WHAT YOU WILL DO
Locate "The Nature Nut" in the records below, then copy its line and every following line exactly, without the pictures.

[Dataset items]
┏━━

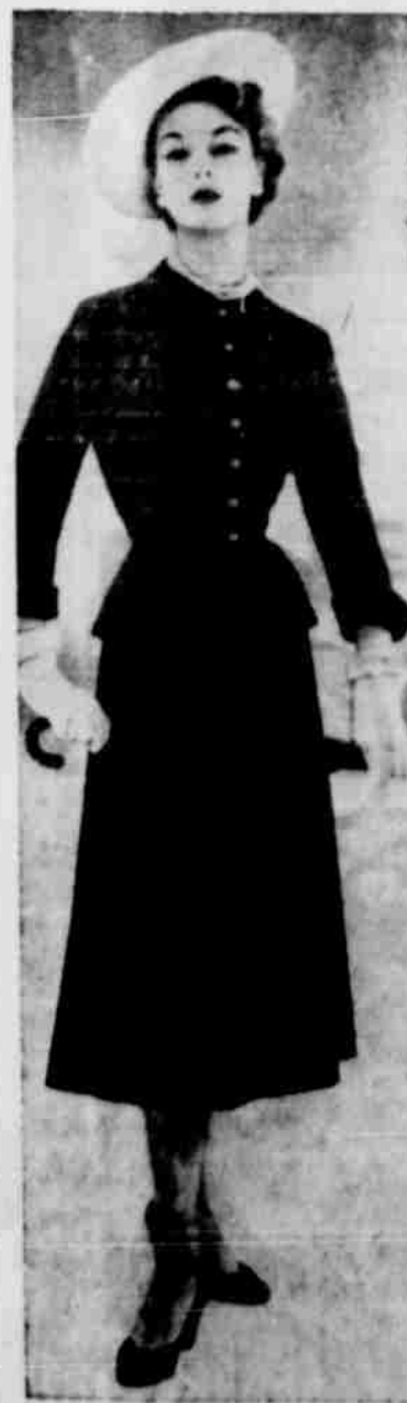
GADABOUTS—Wool jersey lined in taffeta is a new favorite for warm weather travel. Packable and travel-wise are the three outfits pictured, all in wool jersey by Wynne. Left, navy jersey suit with bright blue taffeta jacket lining and underskirt, by LoBal.
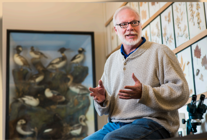
The Nature Nut who is speaking up for the gentle and shy Boreal Chickadee,
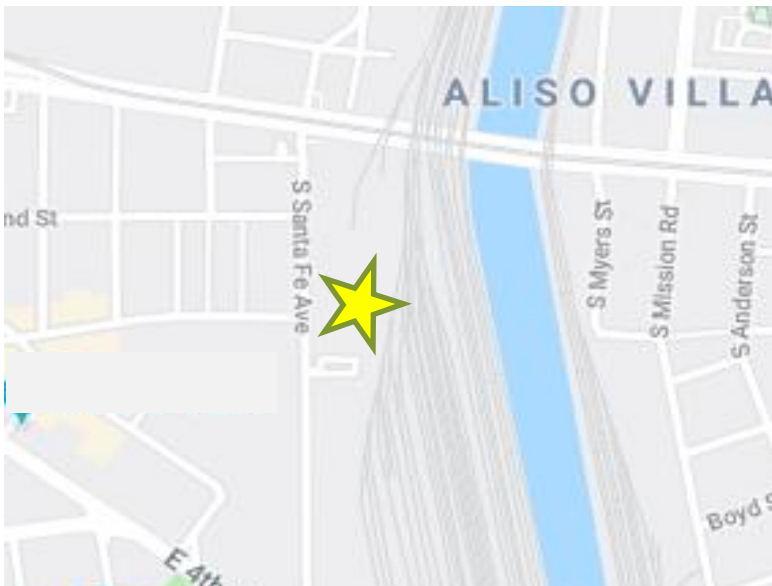
One Santa Fe – LA
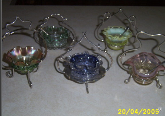
More English salts in holders

14 Janelle Jefferson 04-03-2012 12:51 AM ET (US) IP: 124.169.12.62
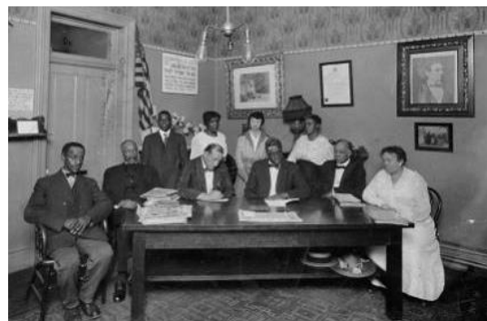
Meeting of the NAACP in Denver
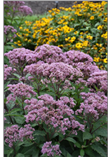
Euphoria Ruby Joe Pye Weed flowers

Euphoria Ruby Joe Pye Weed is an herbaceous perennial with an upright spreading habit of growth. Its wonderfully bold, coarse texture can be very effective in a balanced garden composition.
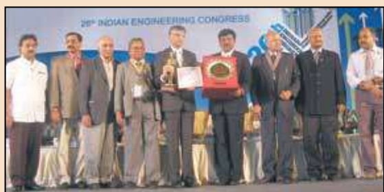
Tata Consultancy Services Ltd

┗━━

TASK OUTPUT
The Nature Nut who is speaking up for the gentle and shy Boreal Chickadee,
One Santa Fe – LA
More English salts in holders

14 Janelle Jefferson 04-03-2012 12:51 AM ET (US) IP: 124.169.12.62
Meeting of the NAACP in Denver
Euphoria Ruby Joe Pye Weed flowers

Euphoria Ruby Joe Pye Weed is an herbaceous perennial with an upright spreading habit of growth. Its wonderfully bold, coarse texture can be very effective in a balanced garden composition.
Tata Consultancy Services Ltd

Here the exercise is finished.